You make your crane the way you need, using what ever material you can get.
 
I beams have essentially a larger section modulus than a tube,
I have tinkered with a matterson gantry crane, it was the teeny tiny 500 ton version, I remember load testing with steel slabs, 1200 tons worth, the surveyor was on the top beam to check the deflection, it went from a positive camber to flat ( apparently going negative would be very bad) it’s still in service though the switchgear and motors have been changed, rope changed every 12 months, quite a job with 54 falls on each end of the lifting beam, quite a big spool of 2” cable.
Mark
 
I beams are preferred for all the reasons mentioned but i can add one more, the rolling process of producing an I beam would have had an advantage in years past at producing the strength in the directions you want.

For pressure vessels, you want to roll the pipe along it's circumference and then roll it into a tube and then weld it somehow with no loss of strength. You can get tubing that is wound in a spiral and has a spiral weld, which is a compromise but it does work.

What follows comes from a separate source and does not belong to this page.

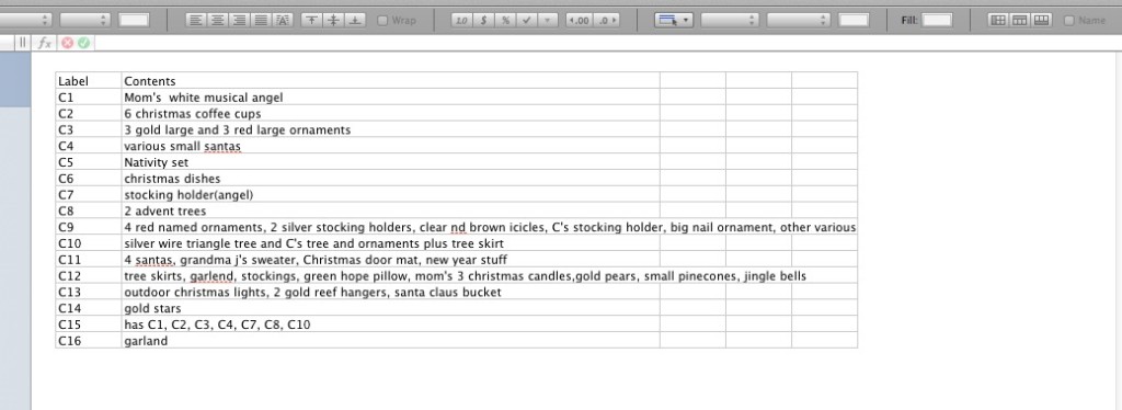 Once we were ready to pack everything up, I decided to follow the system my husband uses whenever we have moved in the past. As a box is packed, the detailed contents are listed on a spreadsheet. The box is then assigned a letter. In this case, they all have a “C” for Christmas. (When we moved, the letter(s) referenced the room it belonged to: K, LR, B, BR, etc) Then we numbered each box. Here is an example:
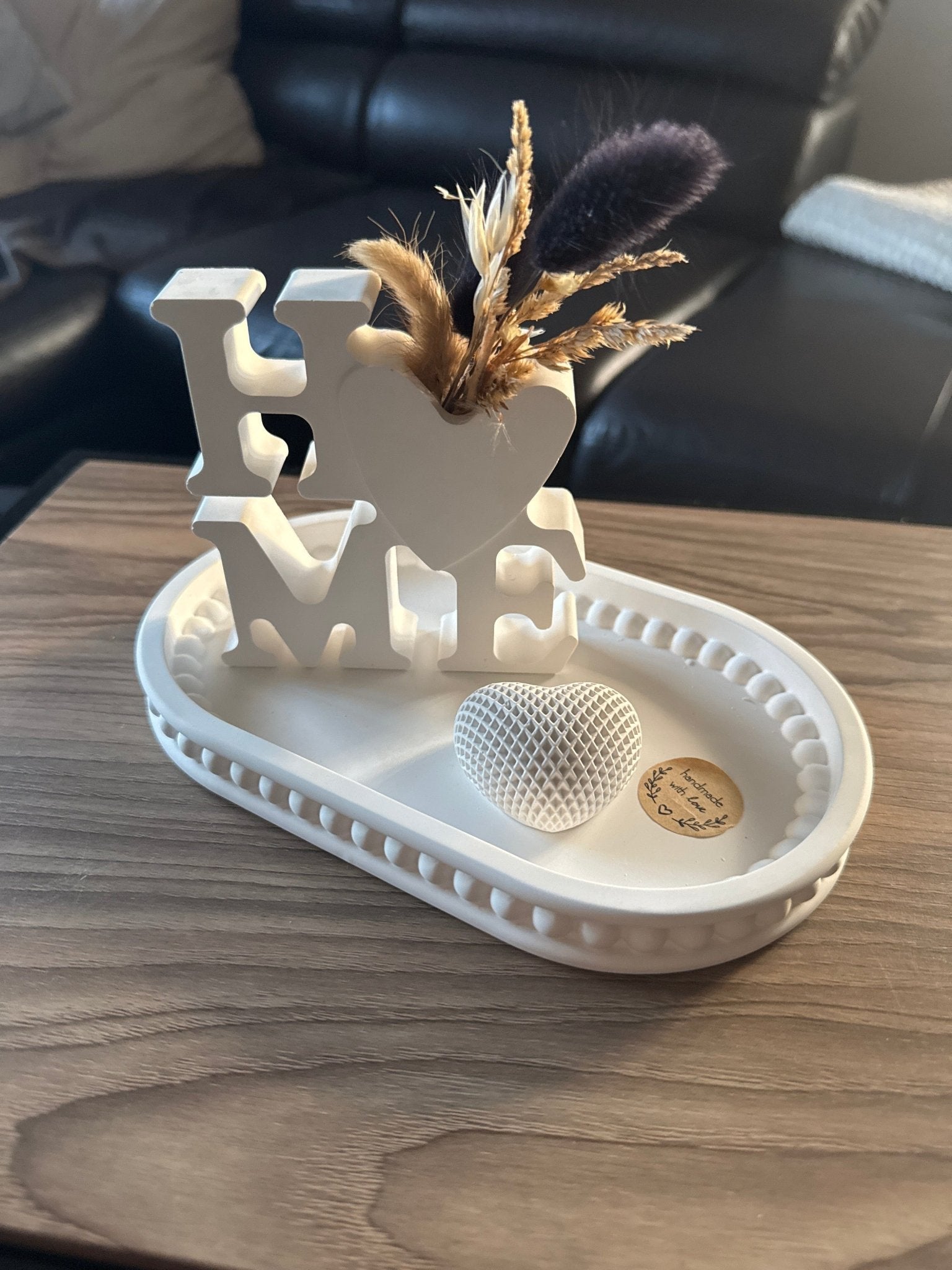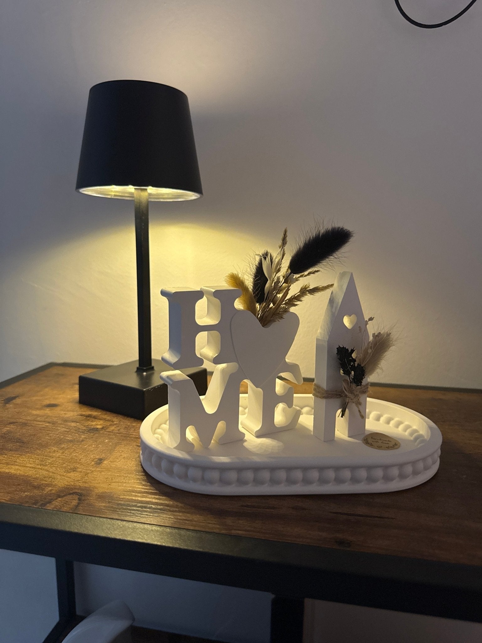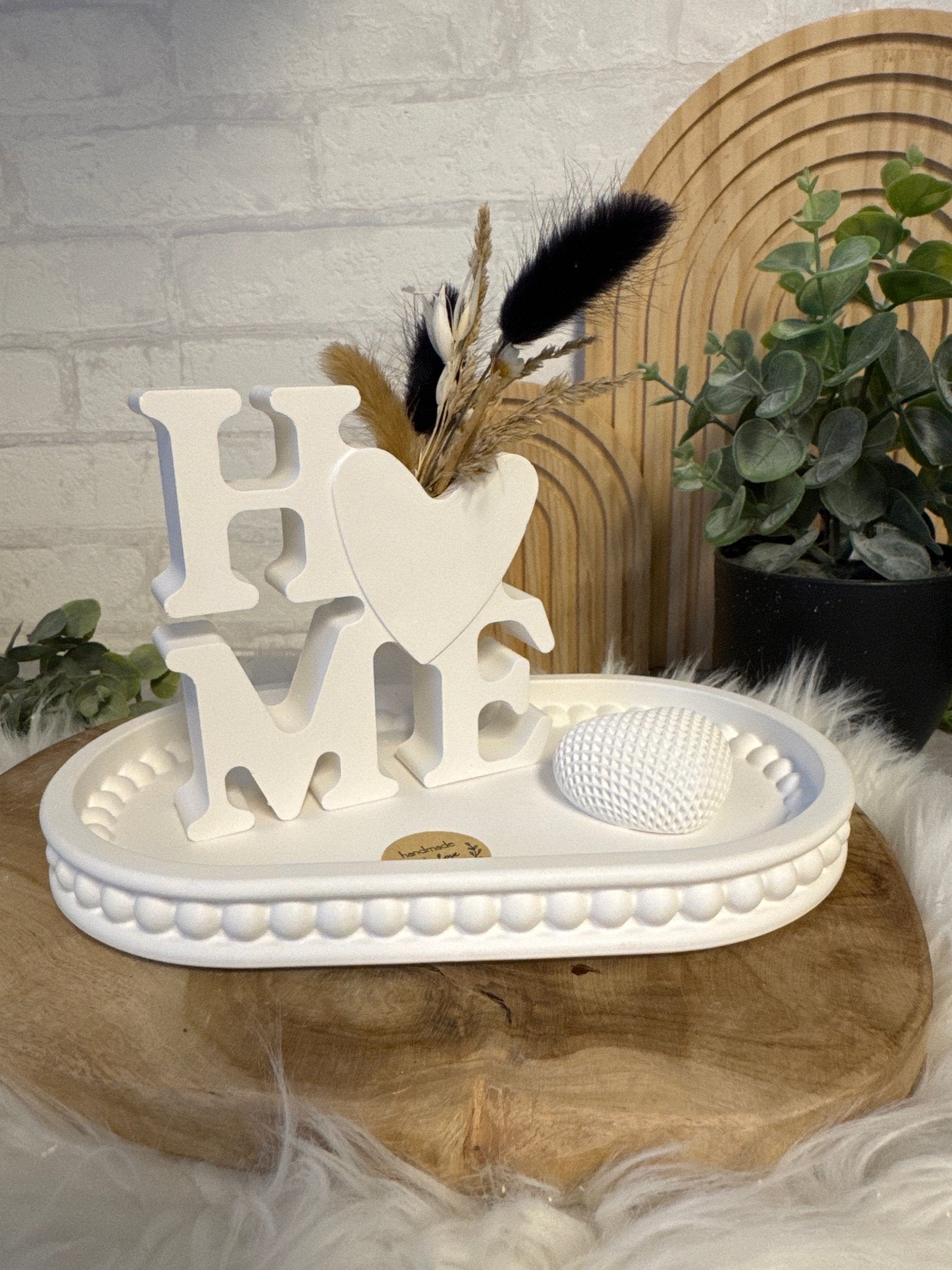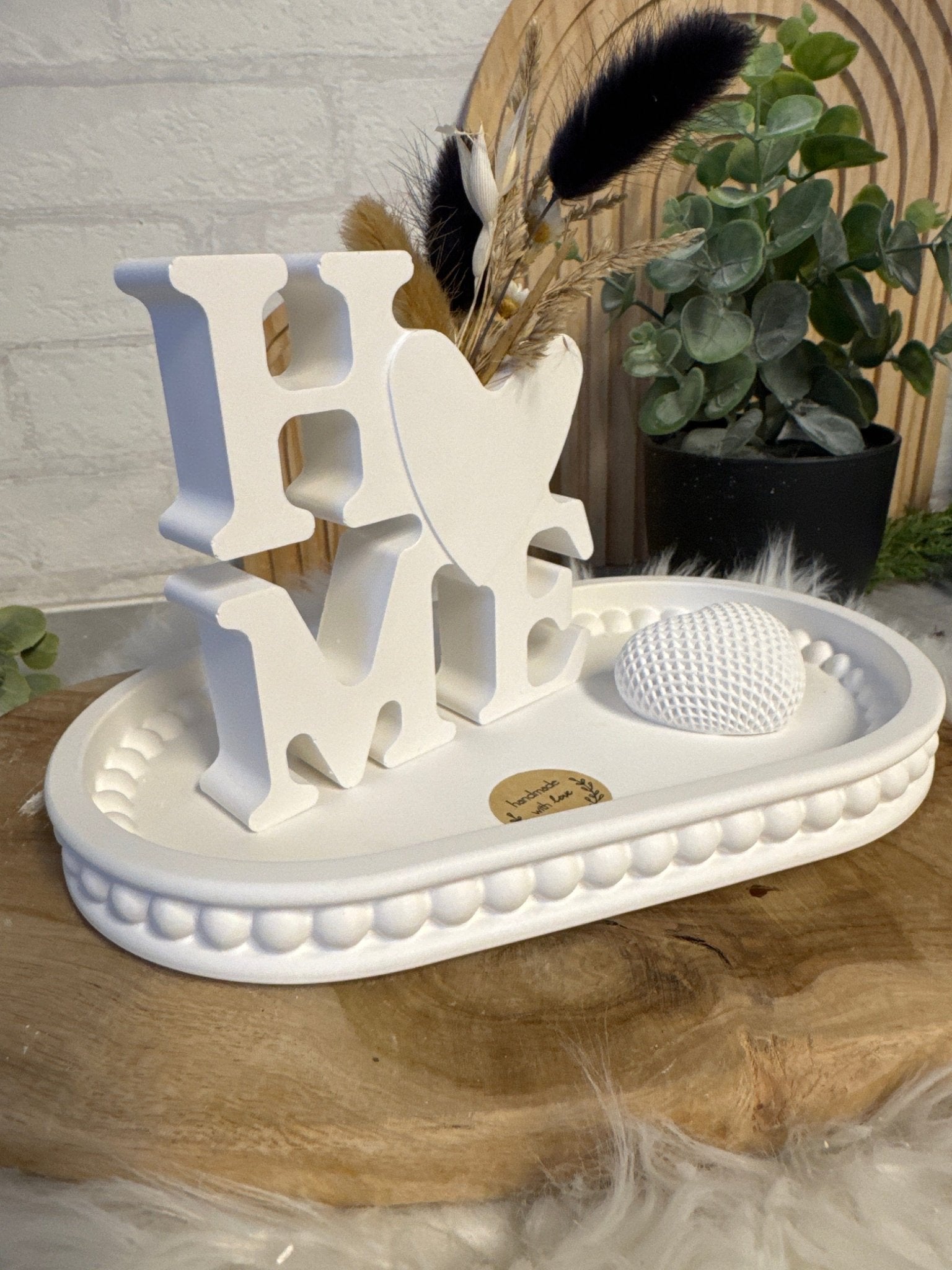 Der feine Perlenrand, der dezente Schriftzug „Home“ und ein kleines Herz-Detail machen dieses Stück zu einem besonderen Hingucker – ideal, um deine Lieblingsdeko stilvoll zu präsentieren.

For structural tubing you can get square tubing and it will have more moment of inertia than round, for the same weight. Also preserves the torsional strength of a closed beam.


If you want torsional strength but the same moment of inertia in the strong axis as an I beam, then make your own.

You can add triangular gussets or stiffeners to an I beam to get the torsion you need. Vertical flange stiffeners don't add torsional stiffness.. Or you can take the top and bottom flange of equivalent thickness in steel, and weld a box beam using steel of half the web thickness of the equivalent I beam. (Two webs each half as thick provide the same sheer strength as one solid web, but only 1/8th each the crushing strength. Which is usually not a limitations) so it's the same strength, same weight, but now 100 to 1000 times the torsional stiffness of an equal weight I beam..


If the two webs are not set at the edges but in one inch from them, you can still make many gantry I beam trolleys work with your beam. Because the sheer stress is distributed, weld quality is not critical. I suppose if the gantry is used enough you could cause your welds to break due to fatigue.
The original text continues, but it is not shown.